Never Fully Dressed seeks Los Angeles for its first US location – WWD

Lucy Aylen is surrounded by a whirlwind of colorful dresses, tops and skirts inside a small pop-up store opening Friday in Los Angeles.

The space, with large windows that overlook a plant-lined walkway in the trendy Platform LA store, is also filled with six-foot-tall plants that blend in with the outdoors.

In some ways, it’s a moment of deja vu. Three years ago, British label Never Fully Dressed had a pop-up store in Los Angeles with plans to later establish a permanent store in the city. But the COVID-19 pandemic has put that on hold.

Now, Aylen is opening a pop-up store in Los Angeles again and visiting realtors who point out some of the best shopping streets in the city.

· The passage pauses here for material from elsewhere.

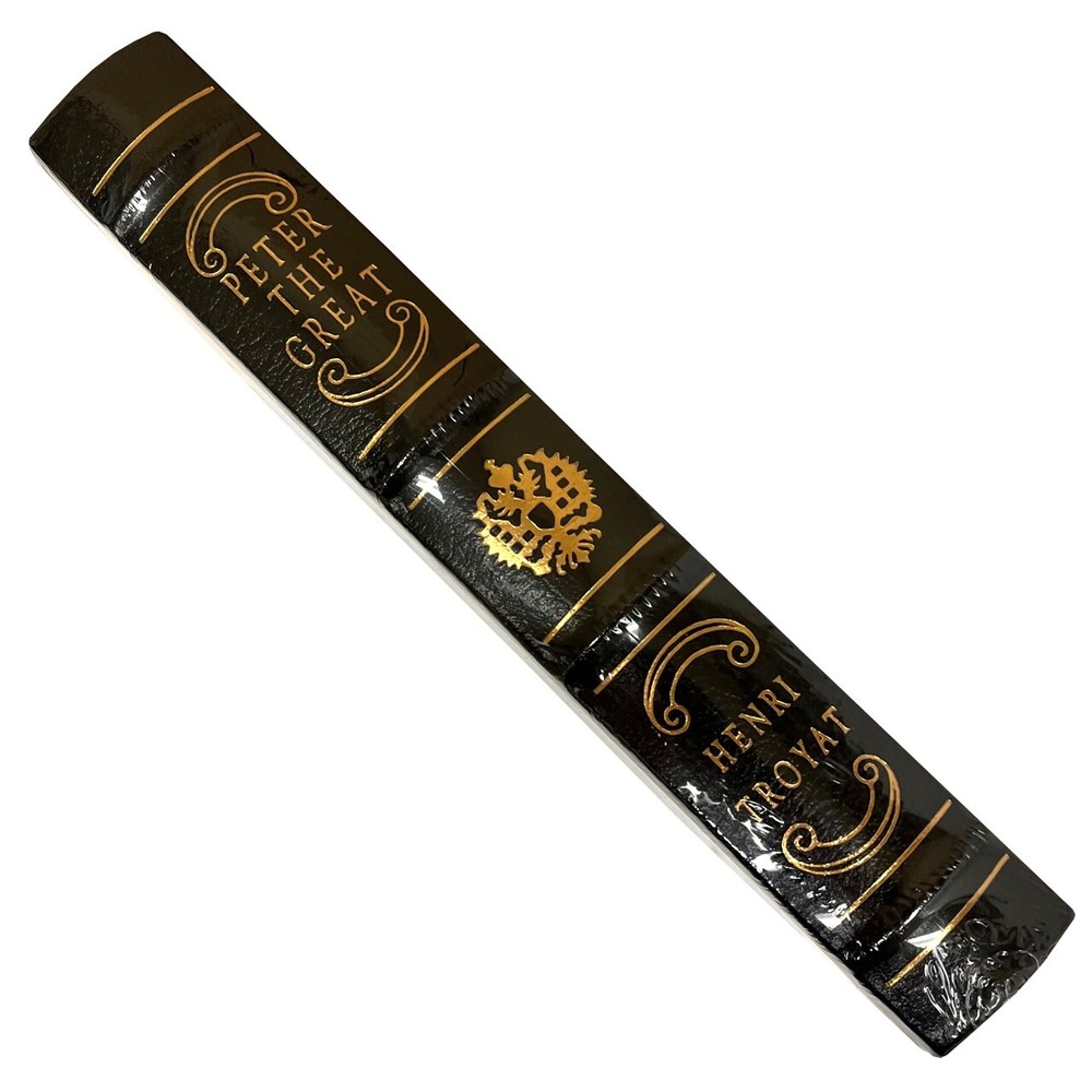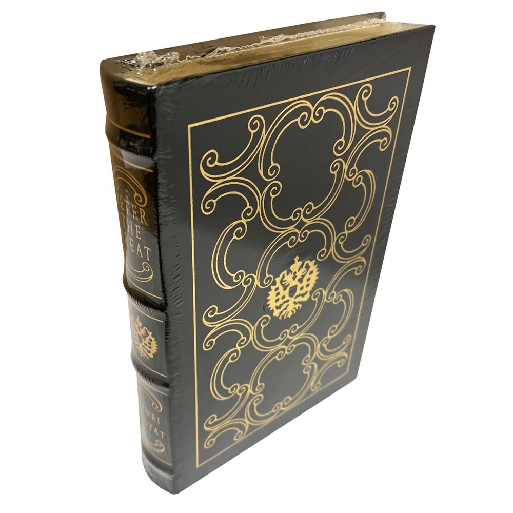 Easton Press, Norwalk CT. 1993 Henri Troyat "Peter the Great" Limited Edition. Full genuine leather. The Library of Great Lives. As New, sealed without any flaws. Russia's Peter the Great, a cruel visionary imbued equally with a fascination for progress and absolute power. About Peter The Great Peter I, most commonly known as Peter the Great, was a monarch of Russia who modernised it and made it a European power. He ruled the Tsardom of Russia from 7 May 1682 to 1721 and subsequently the Russian Empire until his death in 1725, jointly ruling before 1696 with his elder half-brother, Ivan V. Through a number of successful wars, he captured ports at Azov and the Baltic Sea, laying the groundwork for the Imperial Russian Navy, ending uncontested Swedish supremacy in the Baltic and beginning the Tsardom's expansion into a much larger empire that became a major European power. He led a cultural revolution that replaced some of the traditionalist and medieval social and political systems with ones that were modern, scientific, Westernised and based on the Enlightenment.[1] Peter's reforms had a lasting impact on Russia, and many institutions of the Russian government trace their origins to his reign. He adopted the title of Emperor in place of the old title of Tsar in 1721, and founded and developed the city of Saint Petersburg, which remained the capital of Russia until 1918. However, the formation of local elites domestically was not his main priority, and the first Russian university—Saint Petersburg State University—was founded only a year before his death, in 1724. The second one, Moscow State University, was founded 30 years after his death, during the reign of his daughter Elizabeth. Features Includes all the classic Easton Press qualities: * Premium Leather * Silk Moire Endleaves * Distinctive Cover Design * Hubbed Spine, Accented in Real 22KT Gold * Satin Ribbon Page Marker * Gilded Page Edges * Long-lasting, High Quality Acid-neutral Paper * Smyth-sewn Pages for Strength and Durability * Beautiful Illustrations About Henri Troyat Troyat was born Lev Aslanovich Tarasov, (Russian: Лев Асланович Тарасов, Lev Aslanovich Tarasov) in Moscow to parents of mixed heritage, including Armenian, Russian, German and Georgian. According to his autobiography he states that his surname is Armenian (Torossian), while his maternal grandmother was German and his maternal grandfather was of mixed Georgian and Armenian descent. His family fled Russia after the outbreak of the revolution. After a long exodus taking them to the Caucasus on to Crimea and later by sea to Istanbul and then Venice, the family finally settled in Paris in 1920, where young Troyat was schooled and later earned a law degree. The stirring and tragic events of this flight across half of Europe are vividly recounted by Troyat in Tant que la terre durera. His first marriage produced a son before ending in divorce. He later married the love of his life, a widow with a young daughter whom he raised as his own. Troyat received his first literary award, Le prix du roman populaire, at the age of twenty-four, and by twenty-seven, he was awarded the Prix Goncourt. He published more than 100 books, novels and biographies, among them those of Anton Chekhov, Catherine the Great, Rasputin, Fyodor Dostoyevsky, Ivan the Terrible and Leo Tolstoy. Troyat's best-known work is La neige en deuil, which was adapted as an English-language film in 1956 under the title The Mountain. Troyat was elected as a member of the Académie française in 1959. At the time of his death, he was the longest-serving member. Features Includes the classic Easton Press qualities: * Premium Leather * Silk Moire Endleaves * Distinctive Cover Design * Hubbed Spine, Accented in Real 22KT Gold * Satin Ribbon Page Marker * Gilded Page Edges * Long-lasting, High Quality Acid-neutral Paper * Smyth-sewn Pages for Strength and Durability * Beautiful Illustrations

“We’re just picking up where we left off,” said Aylen, who with a small crew was preparing the pop-up for a 12-day run.

Never Fully Dressed, or NFD, was founded in 2009 when Aylen took over her parents’ attic in east London and started a clothing company whose designs are heavy with colorful prints designed by Aylen and her team . At first, she sold her clothes in the Portobello and Spitalfields markets, known for their artsy and creative merchandise. Five years later, she opened a store in Essex.

“We were working in my mom’s attic, and she was like, you’re devaluing my house. I mean, we were stocking up on the stairs, and the rugs were getting worn out,” Aylen recalls, noting that her parents were also market traders.

So she opened a small store that also served as an office. This store was closed and open for several months during the COVID-19 pandemic, but Aylen and her staff pivoted by selling more merchandise online and setting up a table in front of the store where people could take orders.

Now that the business world is getting back to normal, Never Fully Dressed is in expansion mode. He recently hired a new e-commerce manager who analyzes sales trends and helps fine-tune the company’s direction.

Analysis shows that dresses, which average between $90 and $130, account for 70% of purchases.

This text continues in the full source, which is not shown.